Chewbacca they get. Handmade throws include Chewbacca dolls and bandoliers and furry Wookiee panties.
And riding as King Chewbacchus is Chewbacca himself: actor Peter Mayhew, who wore the walking carpet costume in Star Wars, The Empire Strikes Back and Return of the Jedi. "I'm building him a crown," Ballard says. "It's this beautiful, plush crown with Wookiee fur with grapes and leaves — and a scepter that may get turned into a lightsaber."
Two weeks before the krewe's debut, a few dozen krewe members fill the Big Top for the second-to-last costuming session, with krewe members navigating overflowing bags of fabric. The room smells of hot glue, beer and a soldering iron. There's a brief lesson in DIY neon lighting. A projector screen flashes British science-fiction comedy Red Dwarf, and the radio blasts a warped remix of the Doctor Who theme.
A Ghetto Fett costume — a take on the Star Wars bounty hunter Boba Fett — is bejeweled, with red and yellow arm gauntlets and hair weaves. Dominic Graves is finishing his color-bursting Mothership Connection, a Bootsy Collins-funky, glittering robe with matching silver platform boots.
Paul Patecek is one-third of the way through 30 hand-stitched and -stuffed Chewbacca dolls, and he has yet to finish the float for his remote-controlled K-9 robot dog inspired by the Doctor Who series.
The grand marshal (or Grand Moff, playing on Star Wars military parlance) of the subkrewe the Death Star Steppers, is hot-gluing his white silk sash. From the neck down, his costume is second-line attire: red and white lace and silk. It's topped with a Star Wars imperial stormtrooper helmet.
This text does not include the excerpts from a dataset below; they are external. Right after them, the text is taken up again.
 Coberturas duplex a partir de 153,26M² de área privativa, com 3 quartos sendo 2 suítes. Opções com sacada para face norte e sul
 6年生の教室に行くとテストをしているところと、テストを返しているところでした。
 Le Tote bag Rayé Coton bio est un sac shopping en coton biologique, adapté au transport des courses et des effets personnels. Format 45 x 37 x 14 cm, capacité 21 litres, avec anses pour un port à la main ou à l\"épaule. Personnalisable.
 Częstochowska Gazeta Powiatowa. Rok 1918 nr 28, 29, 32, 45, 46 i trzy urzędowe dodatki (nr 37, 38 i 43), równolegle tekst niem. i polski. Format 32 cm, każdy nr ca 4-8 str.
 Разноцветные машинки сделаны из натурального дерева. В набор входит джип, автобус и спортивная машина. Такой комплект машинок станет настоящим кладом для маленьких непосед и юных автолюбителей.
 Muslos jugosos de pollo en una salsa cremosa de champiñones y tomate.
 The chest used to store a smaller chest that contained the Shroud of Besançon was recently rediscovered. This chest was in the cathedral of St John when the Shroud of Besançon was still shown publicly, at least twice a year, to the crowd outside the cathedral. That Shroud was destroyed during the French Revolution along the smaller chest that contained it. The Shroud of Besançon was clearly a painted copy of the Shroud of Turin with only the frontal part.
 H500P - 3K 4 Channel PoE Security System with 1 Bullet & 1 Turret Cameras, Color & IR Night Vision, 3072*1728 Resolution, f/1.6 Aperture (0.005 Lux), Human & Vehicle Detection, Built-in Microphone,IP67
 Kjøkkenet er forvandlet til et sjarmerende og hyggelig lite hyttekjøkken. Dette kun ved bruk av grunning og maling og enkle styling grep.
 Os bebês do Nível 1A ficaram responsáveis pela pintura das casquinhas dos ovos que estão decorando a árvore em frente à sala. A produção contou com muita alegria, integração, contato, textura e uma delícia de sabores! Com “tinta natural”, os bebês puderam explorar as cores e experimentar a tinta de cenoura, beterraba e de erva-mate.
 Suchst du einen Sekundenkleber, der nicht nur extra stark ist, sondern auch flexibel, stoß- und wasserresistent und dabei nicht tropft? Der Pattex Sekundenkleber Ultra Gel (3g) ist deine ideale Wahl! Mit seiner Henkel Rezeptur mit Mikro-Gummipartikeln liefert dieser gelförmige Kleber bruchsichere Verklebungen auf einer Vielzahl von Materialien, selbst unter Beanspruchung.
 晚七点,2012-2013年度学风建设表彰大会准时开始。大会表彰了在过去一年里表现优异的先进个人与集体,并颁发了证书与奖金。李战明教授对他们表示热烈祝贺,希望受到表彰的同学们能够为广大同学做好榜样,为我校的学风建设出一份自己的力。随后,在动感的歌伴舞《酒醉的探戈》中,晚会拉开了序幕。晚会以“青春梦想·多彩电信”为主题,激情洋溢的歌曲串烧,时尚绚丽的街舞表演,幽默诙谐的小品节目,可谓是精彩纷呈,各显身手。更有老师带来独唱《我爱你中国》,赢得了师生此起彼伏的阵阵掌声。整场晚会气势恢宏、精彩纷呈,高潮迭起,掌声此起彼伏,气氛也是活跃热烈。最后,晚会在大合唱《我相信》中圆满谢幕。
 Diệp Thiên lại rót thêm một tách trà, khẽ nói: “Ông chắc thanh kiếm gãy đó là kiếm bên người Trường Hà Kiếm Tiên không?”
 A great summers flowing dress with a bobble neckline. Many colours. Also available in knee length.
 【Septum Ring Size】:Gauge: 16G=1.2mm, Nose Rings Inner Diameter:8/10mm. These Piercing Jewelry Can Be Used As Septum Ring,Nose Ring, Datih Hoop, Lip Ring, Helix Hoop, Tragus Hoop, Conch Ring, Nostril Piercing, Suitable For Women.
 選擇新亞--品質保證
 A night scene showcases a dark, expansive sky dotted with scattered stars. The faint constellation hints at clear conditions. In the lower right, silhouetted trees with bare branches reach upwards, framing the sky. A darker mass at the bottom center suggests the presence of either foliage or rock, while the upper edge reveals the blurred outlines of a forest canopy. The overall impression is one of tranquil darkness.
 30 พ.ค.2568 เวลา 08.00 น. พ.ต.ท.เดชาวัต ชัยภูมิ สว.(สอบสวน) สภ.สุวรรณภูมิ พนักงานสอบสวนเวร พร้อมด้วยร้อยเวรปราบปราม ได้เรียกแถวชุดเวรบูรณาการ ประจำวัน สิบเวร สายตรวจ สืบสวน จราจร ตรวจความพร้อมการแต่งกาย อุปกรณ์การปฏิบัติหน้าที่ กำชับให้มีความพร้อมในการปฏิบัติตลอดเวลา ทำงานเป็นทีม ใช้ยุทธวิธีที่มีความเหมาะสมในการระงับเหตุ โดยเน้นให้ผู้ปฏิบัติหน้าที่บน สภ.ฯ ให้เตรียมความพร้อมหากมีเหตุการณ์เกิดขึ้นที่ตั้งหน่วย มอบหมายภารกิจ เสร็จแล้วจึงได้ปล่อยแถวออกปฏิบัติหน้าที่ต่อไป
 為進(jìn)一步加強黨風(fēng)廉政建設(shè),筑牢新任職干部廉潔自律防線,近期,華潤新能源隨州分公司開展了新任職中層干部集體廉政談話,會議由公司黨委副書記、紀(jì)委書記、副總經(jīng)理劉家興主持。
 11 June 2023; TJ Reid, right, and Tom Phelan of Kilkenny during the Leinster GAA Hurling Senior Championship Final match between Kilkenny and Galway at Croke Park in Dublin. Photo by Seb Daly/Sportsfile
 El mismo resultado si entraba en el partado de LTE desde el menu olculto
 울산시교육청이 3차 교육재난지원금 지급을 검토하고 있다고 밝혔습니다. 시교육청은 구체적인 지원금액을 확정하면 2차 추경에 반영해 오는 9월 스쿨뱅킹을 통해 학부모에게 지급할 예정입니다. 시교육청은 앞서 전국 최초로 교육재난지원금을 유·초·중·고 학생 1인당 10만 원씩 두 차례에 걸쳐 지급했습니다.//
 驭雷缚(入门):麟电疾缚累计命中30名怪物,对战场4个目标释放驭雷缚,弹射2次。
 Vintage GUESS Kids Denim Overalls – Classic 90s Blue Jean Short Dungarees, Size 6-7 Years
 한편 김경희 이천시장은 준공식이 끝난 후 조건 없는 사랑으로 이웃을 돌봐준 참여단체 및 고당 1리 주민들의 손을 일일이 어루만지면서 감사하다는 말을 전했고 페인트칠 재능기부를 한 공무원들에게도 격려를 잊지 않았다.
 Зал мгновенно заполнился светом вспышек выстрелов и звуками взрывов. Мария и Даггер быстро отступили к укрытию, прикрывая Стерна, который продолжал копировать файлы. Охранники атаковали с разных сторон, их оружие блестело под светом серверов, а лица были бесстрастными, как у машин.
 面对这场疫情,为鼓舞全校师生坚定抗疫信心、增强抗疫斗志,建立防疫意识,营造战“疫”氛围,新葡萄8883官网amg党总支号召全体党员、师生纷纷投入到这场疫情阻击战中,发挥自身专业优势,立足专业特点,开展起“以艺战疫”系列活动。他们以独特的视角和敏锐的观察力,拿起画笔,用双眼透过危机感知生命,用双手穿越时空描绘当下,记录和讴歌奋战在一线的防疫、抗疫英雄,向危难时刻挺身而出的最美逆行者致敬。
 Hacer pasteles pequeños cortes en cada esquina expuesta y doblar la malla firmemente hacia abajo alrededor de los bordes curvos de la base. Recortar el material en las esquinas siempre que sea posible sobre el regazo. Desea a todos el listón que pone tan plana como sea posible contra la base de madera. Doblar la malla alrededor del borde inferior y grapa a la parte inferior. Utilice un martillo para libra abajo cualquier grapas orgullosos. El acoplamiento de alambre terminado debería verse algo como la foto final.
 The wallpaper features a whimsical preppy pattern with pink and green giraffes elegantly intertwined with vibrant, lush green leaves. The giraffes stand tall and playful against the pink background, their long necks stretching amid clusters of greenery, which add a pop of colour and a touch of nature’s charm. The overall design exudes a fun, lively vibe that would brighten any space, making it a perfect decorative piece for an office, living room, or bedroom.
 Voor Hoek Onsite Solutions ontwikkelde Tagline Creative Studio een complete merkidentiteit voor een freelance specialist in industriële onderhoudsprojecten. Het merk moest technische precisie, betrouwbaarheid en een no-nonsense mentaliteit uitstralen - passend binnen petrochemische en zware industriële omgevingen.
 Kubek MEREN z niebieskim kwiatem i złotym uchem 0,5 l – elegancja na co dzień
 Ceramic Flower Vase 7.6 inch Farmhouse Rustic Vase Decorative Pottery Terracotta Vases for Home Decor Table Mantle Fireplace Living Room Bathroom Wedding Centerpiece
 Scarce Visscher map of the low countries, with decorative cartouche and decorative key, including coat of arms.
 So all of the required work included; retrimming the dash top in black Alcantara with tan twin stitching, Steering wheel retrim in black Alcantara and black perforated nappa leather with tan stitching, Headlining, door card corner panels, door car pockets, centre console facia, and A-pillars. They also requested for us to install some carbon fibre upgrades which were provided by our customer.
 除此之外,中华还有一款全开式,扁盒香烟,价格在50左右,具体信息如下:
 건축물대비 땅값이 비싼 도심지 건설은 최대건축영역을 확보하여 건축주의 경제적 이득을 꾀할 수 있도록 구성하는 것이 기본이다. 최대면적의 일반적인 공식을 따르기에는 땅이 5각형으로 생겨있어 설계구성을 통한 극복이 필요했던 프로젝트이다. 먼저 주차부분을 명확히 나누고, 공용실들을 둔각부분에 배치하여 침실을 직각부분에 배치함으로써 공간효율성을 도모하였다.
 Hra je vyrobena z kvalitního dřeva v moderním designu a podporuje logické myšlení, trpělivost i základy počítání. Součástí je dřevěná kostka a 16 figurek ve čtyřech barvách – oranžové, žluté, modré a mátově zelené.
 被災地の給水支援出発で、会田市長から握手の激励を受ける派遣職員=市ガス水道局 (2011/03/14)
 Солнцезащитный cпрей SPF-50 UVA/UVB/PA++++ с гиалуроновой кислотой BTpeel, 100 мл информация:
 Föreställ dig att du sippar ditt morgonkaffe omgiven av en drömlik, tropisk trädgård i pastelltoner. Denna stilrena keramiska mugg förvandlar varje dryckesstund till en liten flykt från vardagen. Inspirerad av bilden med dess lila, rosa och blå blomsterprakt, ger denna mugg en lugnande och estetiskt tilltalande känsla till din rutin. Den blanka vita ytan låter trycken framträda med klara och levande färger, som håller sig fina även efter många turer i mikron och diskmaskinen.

"We were inspired by the homemade, do-it-yourself, on the street-level — back to the ancient times, the original way of coming out with your neighbors," Ballard says. The krewe took notes from other DIY krewes like Box of Wine, Krewe du Craft and Royal Revelers of Discordia. Ballard honed his parading chops in the Krewe du Vieux subkrewe Krewe of C.R.U.D.E. — its 2011 theme was "Crude Lubes NewOiLands," in which Ballard dressed as a mutated "Gulf walrus."
He established Chewbacchus as "open source," granting its members to do whatever they want, however they want.
"I don't even know all the floats and contraptions we have," he says. "There are tertiary warehouses with groups of mad scientists and sci-fi fans. There's a Death Star float being built I haven't seen yet. There's a (Doctor Who) Tardis, an indoor speeder bike."
And the list goes on. The krewe, now at more than 200 members, opened its membership in August 2010, and the subkrewes and costumes — from cardboard Doctor Who Dalek aliens to homebrewed robots — keep adding up.
"The question was raised last Mardi Gras by a person who wasn't from New Orleans, saying 'I was kind of surprised, I would think there'd be a lot more ... sci-fi people. I didn't see anything,'" Haubrich says. "I came up with the name Chewbacchus, and I know the genius man to run it. We're releasing our inner nerds."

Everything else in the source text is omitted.